Preserve code language hints: If your HTML code blocks use class="language-python" or similar, the converter preserves the language identifier in the fenced code block for syntax highlighting.

HTML Elements Not Supported in Markdown

Some HTML features have no Markdown equivalent. These include:

Forms and inputs: Form elements like <input>, <select>, and <button> are ignored.
Iframes and embeds: Embedded content cannot be represented in Markdown.
Complex table features: Merged cells (colspan, rowspan), table captions, and nested tables are simplified.
CSS classes and IDs: All styling information is stripped during conversion.

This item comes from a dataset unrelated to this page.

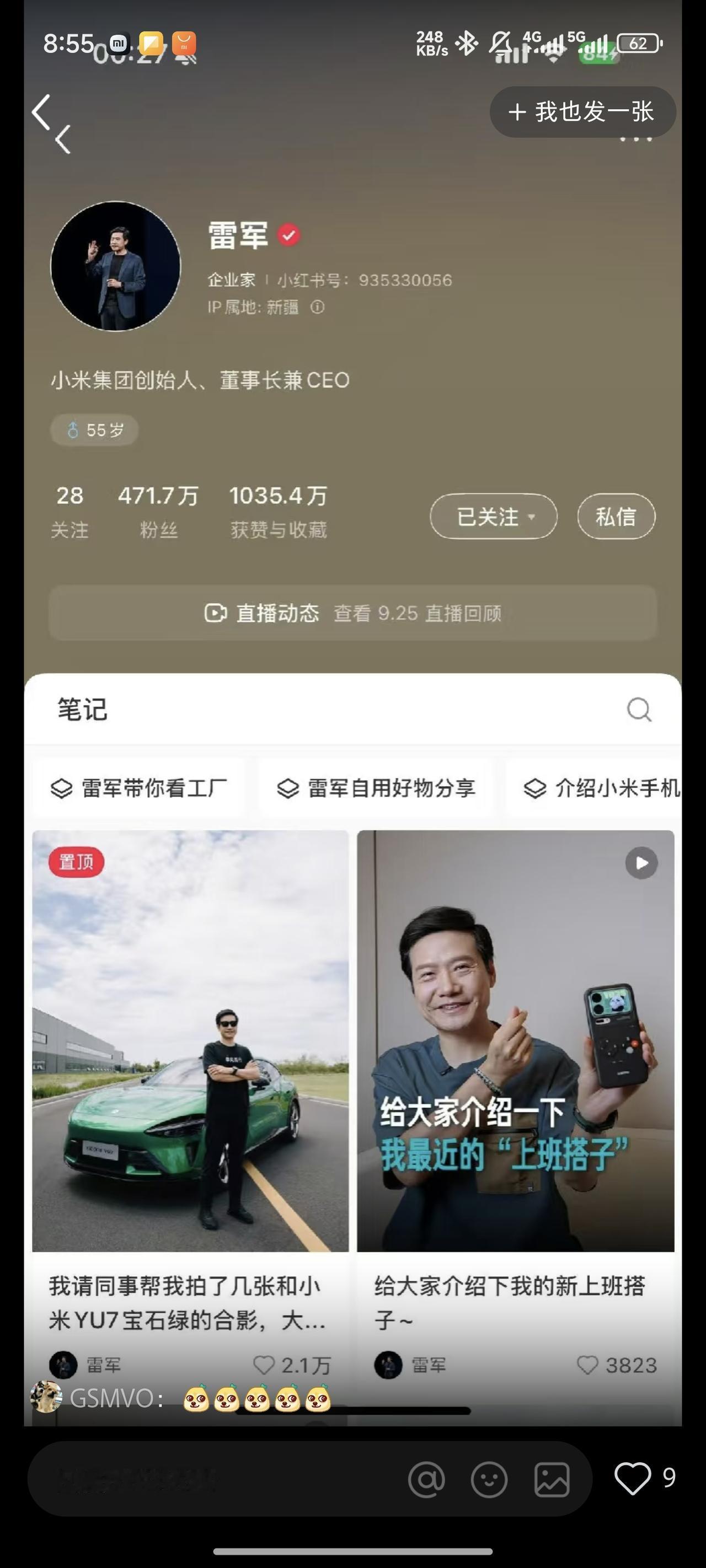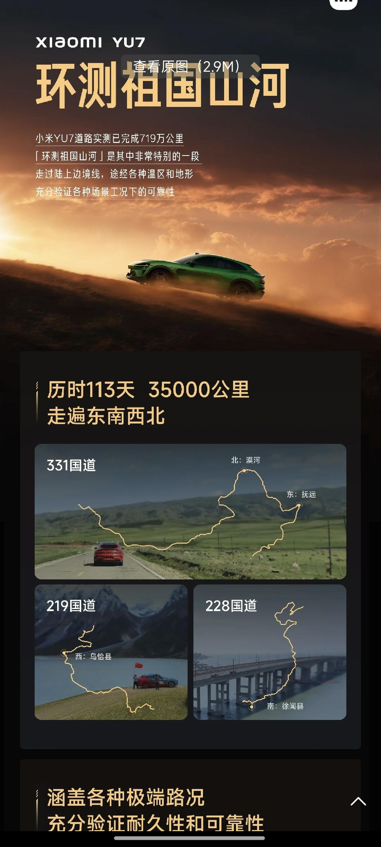 前几天就有新疆网友拍到帕米尔高原下的小米yu9,也就是那辆大型增程suv,也有细心的朋友发现雷总的xhs账号ip已经到了新疆。 今天雷总官宣带队在新疆测试,只不过车辆变成了yu7[柯基]那么问题来了,难道真有人相信以小米这样大规模的路测和完整的冬夏测试,连yu7绕国境线的路书都跑出来的车企,会为了已经上市的车创始人带队去一次新疆?所以可以大胆的说,这次测试的主角就是yu9,yu7只是幌子。 小米汽车 小米yu9 至于还有人借此攻击yu7的测试的,我只想说真的不怕回旋镖到自己身上吗[看][看]1500万公里测试里程哦[看][看]

For these elements, you may need to manually add raw HTML blocks in your Markdown file. Most Markdown renderers support inline HTML for cases where pure Markdown is insufficient.

How This Tool Works

This converter runs entirely in your browser. When you click “Convert to Markdown,” the tool parses your HTML using the native DOMParser API, walks the resulting DOM tree node by node, and generates the corresponding Markdown syntax. No data is sent to any server — you can verify this by disconnecting from the internet and confirming the tool still works.

Frequently Asked Questions

Does this tool handle malformed HTML?

Yes. The browser’s DOMParser is very forgiving with malformed HTML. It automatically closes unclosed tags, fixes nesting errors, and produces a valid DOM tree before conversion begins.

Can I convert Markdown back to HTML?

Yes — check out our Markdown Preview tool, which renders Markdown as HTML in real time and lets you copy the generated HTML.

Does it preserve HTML comments?

No. HTML comments () are stripped during conversion. Markdown supports HTML comments, so you can add them back manually if needed.

What about HTML entities?

HTML entities like &, <, and   are decoded by the browser’s parser before conversion. The resulting Markdown contains the actual characters. If you need to work with HTML entities directly, try our HTML Entity Encoder tool.

Is my data sent to a server?

No. All processing happens locally in your browser using JavaScript. Your data never leaves your device.

How do I handle very large HTML files?

This tool works well with HTML content up to several hundred kilobytes. For extremely large files (multiple megabytes), consider splitting the content into smaller sections and converting each section separately.